** Opening Data under study block **

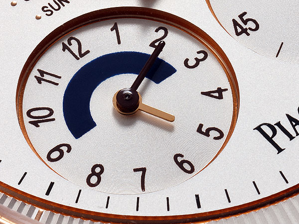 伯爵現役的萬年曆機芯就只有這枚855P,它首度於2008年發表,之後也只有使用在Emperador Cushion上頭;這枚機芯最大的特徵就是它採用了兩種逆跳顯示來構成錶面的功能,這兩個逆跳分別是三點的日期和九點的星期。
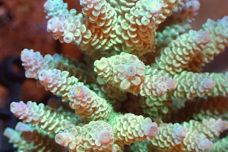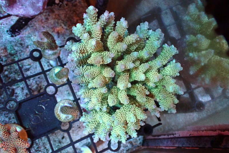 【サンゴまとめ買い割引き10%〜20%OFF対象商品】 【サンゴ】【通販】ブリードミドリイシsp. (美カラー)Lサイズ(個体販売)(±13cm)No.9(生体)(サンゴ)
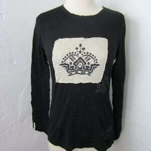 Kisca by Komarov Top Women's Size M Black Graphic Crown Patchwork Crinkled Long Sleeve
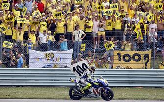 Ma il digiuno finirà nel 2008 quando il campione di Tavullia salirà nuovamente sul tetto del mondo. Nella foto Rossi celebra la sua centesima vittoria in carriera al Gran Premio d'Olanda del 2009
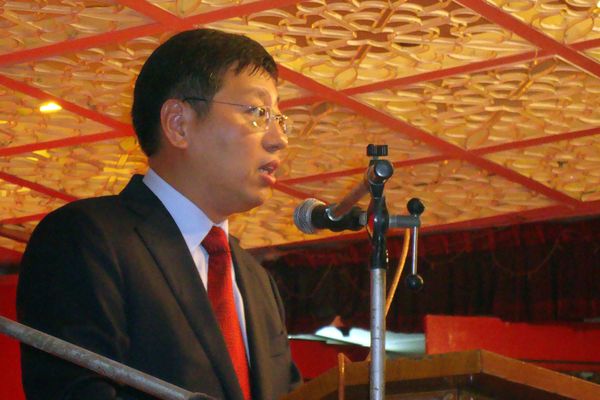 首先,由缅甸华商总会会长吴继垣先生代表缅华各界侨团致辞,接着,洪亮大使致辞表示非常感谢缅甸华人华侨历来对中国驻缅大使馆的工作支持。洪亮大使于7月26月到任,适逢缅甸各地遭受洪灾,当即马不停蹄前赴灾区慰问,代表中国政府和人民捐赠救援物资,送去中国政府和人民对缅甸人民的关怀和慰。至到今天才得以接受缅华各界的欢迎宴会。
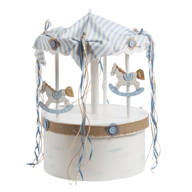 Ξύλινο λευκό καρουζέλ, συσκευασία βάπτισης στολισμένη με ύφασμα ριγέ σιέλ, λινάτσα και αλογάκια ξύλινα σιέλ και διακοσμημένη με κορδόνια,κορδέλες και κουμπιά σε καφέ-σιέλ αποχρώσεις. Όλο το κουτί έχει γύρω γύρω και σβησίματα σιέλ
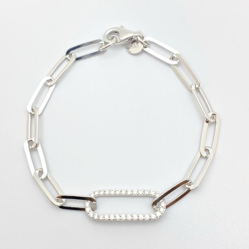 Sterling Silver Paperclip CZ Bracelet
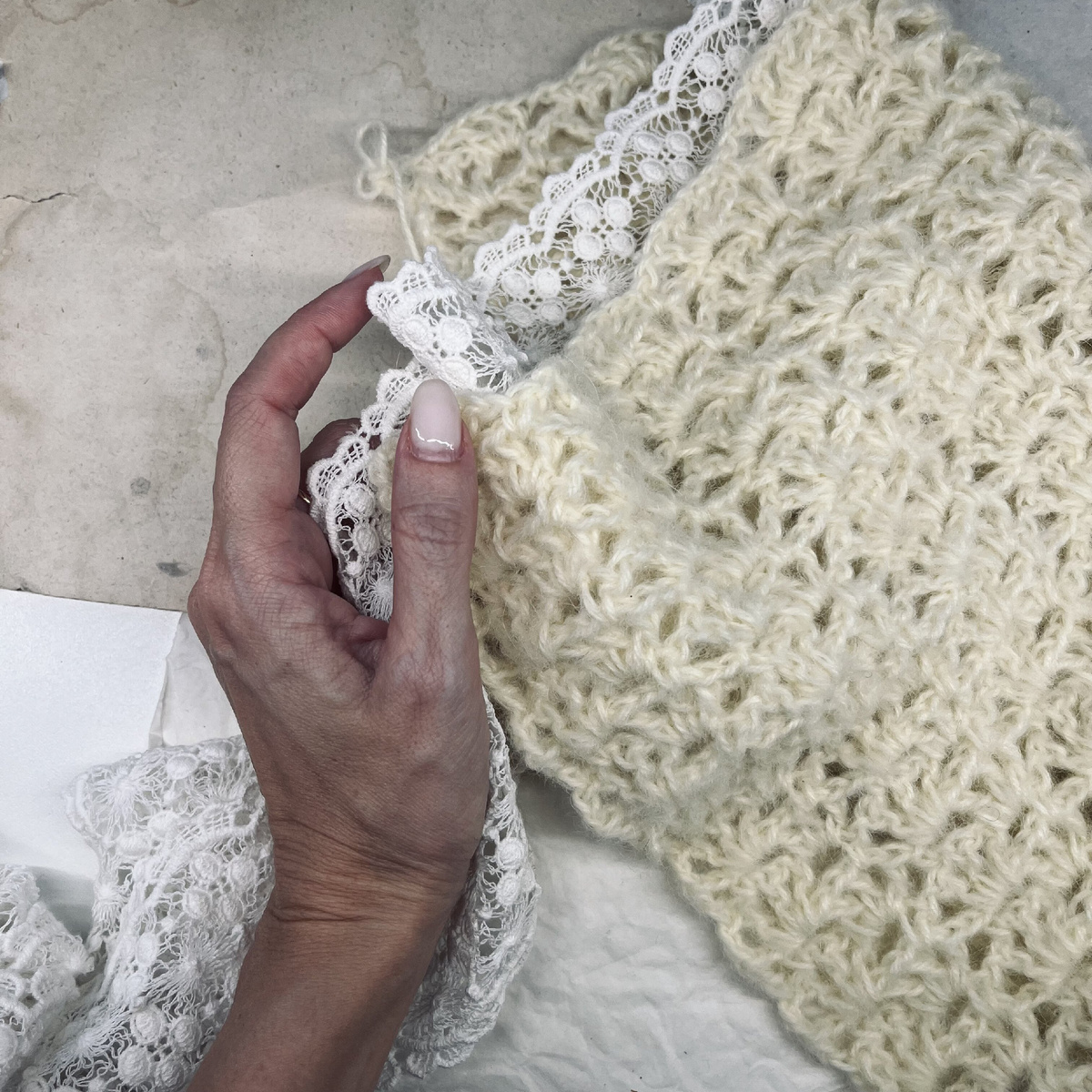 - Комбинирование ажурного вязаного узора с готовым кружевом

** Closing Data under study block **
** Opening Data under study block **

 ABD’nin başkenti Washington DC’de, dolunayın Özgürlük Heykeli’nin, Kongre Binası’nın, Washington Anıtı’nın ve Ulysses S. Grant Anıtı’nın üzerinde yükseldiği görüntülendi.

** Closing Data under study block **
** Opening Data under study block **

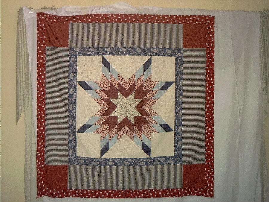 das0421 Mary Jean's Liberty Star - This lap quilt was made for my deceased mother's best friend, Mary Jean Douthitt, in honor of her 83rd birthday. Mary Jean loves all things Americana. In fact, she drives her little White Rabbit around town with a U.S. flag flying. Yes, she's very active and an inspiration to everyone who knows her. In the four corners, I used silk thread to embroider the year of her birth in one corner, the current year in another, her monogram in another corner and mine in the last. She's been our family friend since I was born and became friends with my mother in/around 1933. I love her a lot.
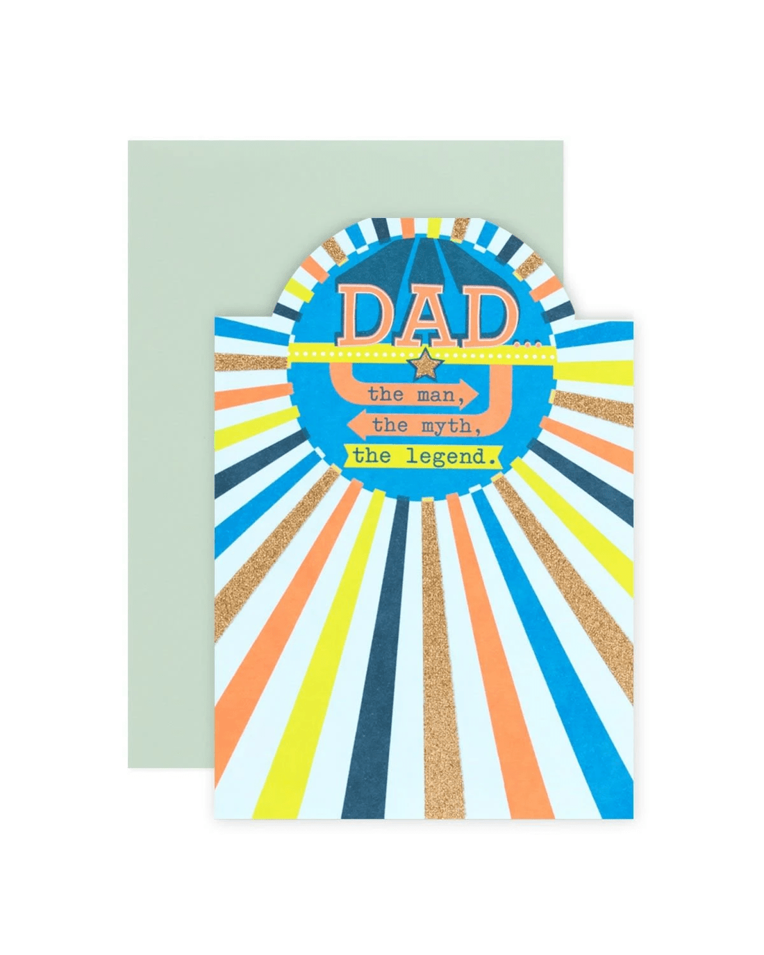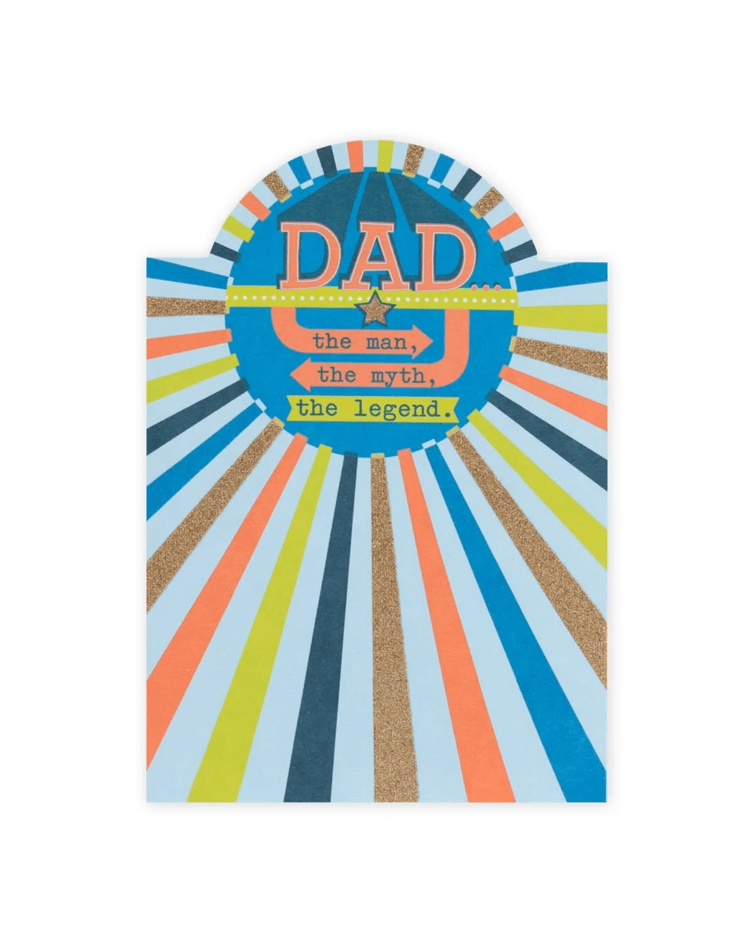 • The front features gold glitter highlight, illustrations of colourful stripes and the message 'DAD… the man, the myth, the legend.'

** Closing Data under study block **

> [Task directions]:
Copy the listing above exactly, but only from the line with "伯爵現役的萬年曆機芯就只有這" through the line with "Ma il digiuno", including those two lines and excluding any picture.

> [Exercise solution]:
 伯爵現役的萬年曆機芯就只有這枚855P,它首度於2008年發表,之後也只有使用在Emperador Cushion上頭;這枚機芯最大的特徵就是它採用了兩種逆跳顯示來構成錶面的功能,這兩個逆跳分別是三點的日期和九點的星期。
 【サンゴまとめ買い割引き10%〜20%OFF対象商品】 【サンゴ】【通販】ブリードミドリイシsp. (美カラー)Lサイズ(個体販売)(±13cm)No.9(生体)(サンゴ)
 Kisca by Komarov Top Women's Size M Black Graphic Crown Patchwork Crinkled Long Sleeve
 Ma il digiuno finirà nel 2008 quando il campione di Tavullia salirà nuovamente sul tetto del mondo. Nella foto Rossi celebra la sua centesima vittoria in carriera al Gran Premio d'Olanda del 2009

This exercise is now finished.